Jeżeli jednak nasza codzienna dieta jest uboga w produkty będące naturalnym źródłem beta-karotenu przyjmujmy go w postaci suplementów diet. ― Od kilku miesięcy regularnie przyjmuje beta-karoten w kapsułkach. Przez pierwszy miesiąc nie widziałam żadnej różnicy w kolorze mojej skóry, dopiero po kilku miesiącach zauważyłam, że jestem odrobinę ciemniejsza niż osoby z mojego otoczenia, a kolor skóry jest lekko złotawy. Nie palę papierosów, a więc nie obawiam się negatywnych skutków przyjmowania beta-karotenu. ― twierdzi Jola (26 lat).

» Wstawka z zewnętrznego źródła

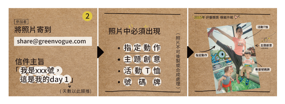 ② 參加者需於隔兩日下午13:00前,拍攝指定動作與任務,將照片以主旨 [我是xxx號,這是我的day 1 ],寄至 share@greenvogue.com 信箱,檔案需為 1mb 以內的 JPG 格式。

Jak wygląda czerniak? Zobacz zdjęcia!
Nałogowi palacze przyjmujący beta-karoten w postaci syntetycznej (suplement diety) są o wiele bardziej narażeni na wystąpienie raka płuc, dlatego też tej grupie osób jest on odradzany. Nie dotyczy to beta-karotenu występującego w owocach i warzywach. Długotrwałe zażywanie może spowodować również nieefektywne zażółcenia w postaci pomarańczowych plamek na skórze (w szczególności dłoni).

Opalanie natryskowe

Opalanie natryskowe staje się coraz bardziej popularne, chociaż może do niego skutecznie zniechęcić wysoka cena. Zabiegi te wykonywane są w salonach kosmetycznych, gdzie preparat samoopalający rozprowadzany jest za pomocą specjalnego urządzenia, które pokrywa skórę równomierną opalenizną. Efekt utrzymuje się kilka dni. Cena 90 – 170 zł (całe ciało).